Какие там десять! И пять кругом никто не мог пробежать. Раз так, значит не голодные. Сапогом по фляге, все на землю, обед окончен. Так продолжалось несколько дней, а затем любителя «спортивных мероприятий» нашли зарезанным. Сделано было все «чисто», виновных не нашли.

А вот у попавшего в плен в Мясном Бору красноармейца Николая Путина в такой же примерно ситуации все получилось не столь «чисто», хотя судьба в итоге и оказалась к нему милостивой.

«Привезли нас в лагерь. На работу в лес гоняли дороги восстанавливать, — вспоминал он. — Кормили плохо: 200 г хлеба-эрзаца да по черпачку баланды из буряка с костной мукой. «Хоть бы накормили раз, да расстреляли!» — говорили мы. Услыхал это полицай — низенький такой, сытый, с шахты Макеевка. Донес. Пришел немец и — всему бараку: «Nicht fressen!».

Три дня не ели, а работали. Решили мы того полицая придушить. Вшестером навалились, да он, иуда, крикнуть успел. Немцы сбежались, спрашивают: «Кто начинал?» Полицай показал на меня, Павла Мельникова из Воронежа и Ивана из Новосибирской области.

Утром вывели нас перед строем расстреливать. Напротив трех автоматчиков выставили. В меня должен был стрелять Ганс. А надо сказать, мы с этим Гансом успели к тому времени познакомиться. Он был электросварщиком из Мюнхена. В 30-е годы по обмену опытом в Ленинграде работал, по-русски говорил, о нашей стране хорошо отзывался.

И вот как раздалась команда: «Заряжай!», Ганс не стал даже копылка с дула снимать, а заругался, заматерился — суда потребовал. Было это уже после Сталинграда»

И был суд, решением которого Николай Путин сотоварищи получили по 23 года каторжных работ под землей, при том, что самому фашизму оставалось «жить» два года.

После Сталинграда

Замечание Николая Путина о том, что событие, им рассказанное, произошло после разгрома немецкой армии на Волге, совсем не случайно. По воспоминаниям многих из бывших военнопленных, после Сталинграда отношение к ним со стороны и отдельных охранников, и лагерных администраций, как правило, изменилось в лучшую сторону.
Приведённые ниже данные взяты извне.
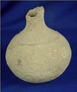 | Description / विवरण | Coarse, incrustation terracotta pot with oval base, bulbous body and long, narrow neck the rim of which is broken. |

Победа Германии в этой войне уже не казалась большинству немцев делом очевидным, и приходилось вольно или невольно задумываться о том, что будет, если рейх рассыплется под ударами союзников и за свои деяния придется-таки отвечать. Впрочем, так думали далеко не все, имелись среди надзиравших за пленными людей и до конца преданные фюреру нацисты, и попросту любившая покуражиться над людьми сволочь разномастной национальности.
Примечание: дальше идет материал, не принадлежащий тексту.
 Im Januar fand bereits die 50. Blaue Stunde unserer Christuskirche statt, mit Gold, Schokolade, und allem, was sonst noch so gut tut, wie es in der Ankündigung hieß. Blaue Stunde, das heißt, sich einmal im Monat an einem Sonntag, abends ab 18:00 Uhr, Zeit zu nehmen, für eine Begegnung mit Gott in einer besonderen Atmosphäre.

Во второй половине войны в каждом из двадцати одного округа Германии размещалось 15 лагерей для военнопленных — шталагов, 46 таких лагерей было на Украине, около 30 — в Польше, десятки — в оккупированных фашистами странах Западной Европы. И это не считая пересыльно-сортировочных лагерей — Дулагов.
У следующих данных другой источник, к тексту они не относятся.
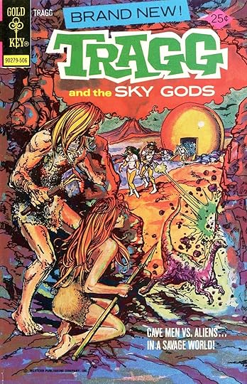I want to read all the old Gold Key original comics. Titles like Tales of Sword and Sorcery, Solar, Man of the Atom, and Magnus, Robot Fighter conjure up feelings inside me that are hard for anyone born before 1960 and after 1980 to understand. Unless you grew up in the '70s and remember all those comic book covers by Jessie Santos, Richard Powers, and others calling to you, you just won't get it. I never got to read many of them until now. Sure, they were twenty-five cents, sitting there in the wire rack, but I was a kid and a quarter wasn't easy to find. (And Marvel and DC always came first.) Later I saw copies in bags, two a piece, in stores like Woolco and Woolworths (two establishments as dead and gone as Gold Key). I have no idea what they sold for, but I didn't buy any of those either. But occasionally, I came across a copy somewhere. Just a taste...The contents were never as good as those covers, but it still remains a dream of mine to read all the old titles, especially those written by Donald F Glut. His books were always the best because he genuinely liked the science fiction, fantasy, and horror genres. I'm starting my journey with Tragg and the Sky Gods. This is a very appropriate title to begin with since the idea that inspired it could only have come from that decade. Erich von Daniken's Chariot of the Gods? (1968) inspired a good part of the '70s love of Bigfoot, the occult, UFOs, and other fringe beliefs. It was in to be out. Far out!

Попавший в плен в мае 1942 года под Харьковом младший лейтенант Дмитрий Небольсин летом и осенью 1943 года находился в шталаге-2А недалеко от Берлина, об этом времени он вспоминал так:

«Медленно тянулась наша безрадостная, голодная жизнь. Меню не менялось: утром, в обед и вечером все та же баланда из брюквы и дважды в неделю — килограммовая буханка эрзац-хлеба. Брюква настолько надоела, что при одном виде ее в голодном желудке возникали мучительные спазмы, становилось муторно, того и гляди, вырвет. А есть все равно надо, иначе сдохнешь. И ели, через силу запихивая в свою утробу куски ненавистной брюквы. Эрзац-хлеб оставался хлебом, который поддерживал жизнь невольников. Но от нашей крохотной пайки хлеба полицаи каждый раз урывали для себя, как они выражались, положенную долю. Попробуй, запротестуй — тут же будешь избит до полусмерти. За нас заступиться было некому, немцы на дикость полицаев смотрели сквозь пальцы, даже поощряли их за жестокость».